In the end, we use this grm matrix for fast-glmm analysis and the log file is as follows:


Options:

--bfile /work1/analysis_ukb/ukb_qc/chr13_QC/chr13_QC --grm-sparse /work1/analysis_ukb/ukb_grm/chr13_grm/chr13_geno_grm --fastGWA-mlm --pheno /work1/analysis_ukb/gwas/calcium/calcium.txt --thread-num 20 --out chr13_cal

The program will be running with up to 20 threads. Reading PLINK FAM file from [/work1/analysis_ukb/ukb_qc/chr13_QC/chr13_QC.fam]... 337056 individuals to be included from FAM file. Reading phenotype data from [/work1/analysis_ukb/gwas/calcium/calcium.txt]... 337056 overlapping individuals with non-missing data to be included from the phenotype file. 337056 individuals to be included. 156073 males, 180983 females, 0 unknown. Reading PLINK BIM file from [/work1/analysis_ukb/ukb_qc/chr13_QC/chr13_QC.bim]... 320307 SNPs to be included from BIM file(s). Reading the sparse GRM file from [/work1/analysis_ukb/ukb_grm/chr13_grm/chr13_geno_grm]... After matching all the files, 337056 individuals to be included in the analysis.
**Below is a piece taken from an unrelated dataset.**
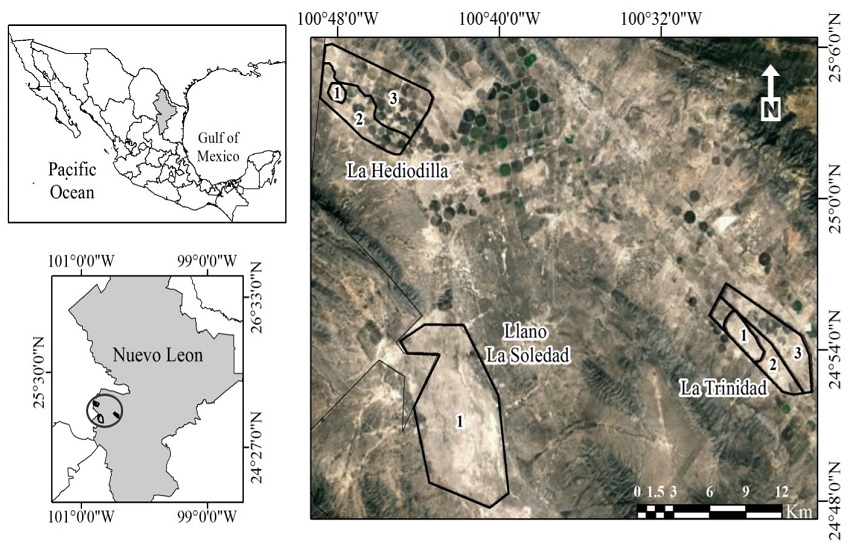 El estudio comprendió las ANP estatales La Trinidad, La Hediondilla y Llano La Soledad, con una extensión de 33.02 km2, 43.73 km2 y 76.07 km2, respectivamente, ubicadas en el municipio de Galeana, Nuevo León (Figura 1). El clima es seco con una precipitación anual de 300 mm (Guadarrama et al., 2003a, 2003b, 2003c). Las ZSCE representan un mosaico biológico de más de 200 especies de vertebrados y 284 especies de plantas (Conabio, 2008; Guadarrama et al., 2003a, 2003b, 2003c). El pastizal halófito, dominado por Muhlenbergia villiflora es la principal comunidad vegetal y está rodeado de matorral xerófilo-micrófilo, con Larrea tridentata y Flourencia cernua como componentes principales (Estrada et al., 2010).

Estimating the genetic variance (Vg) by fastGWA-REML (grid search)...

It runs for two or three hours without producing any results and consumes almost a T of memory, which is seriously out of line with what the article describes, I'm not sure what I'm doing wrong, hopefully you guys can shed some light on this. Additional info: chr13_geno_grm.grm.sp has line 745108110 , chr13_geno_grm.grm.id has line 337056.

longmanz commented 6 months ago

Hi, The difference of line number between your .sp and .id file indicates you have a huge number of related pairs in your data, which is not true for UK Biobank. Please make sure your individuals are from the same genetic ancestry background, because the genetic relationship of individuals of diverse ancestry background cannot be properly estimated by GCTA as well as other commonly used tools. You may refer to UKB data field 22006 for individuals of Caucasian ancestry. Or you can infer the genetic ancestry using references like the 1000 Genomes Project.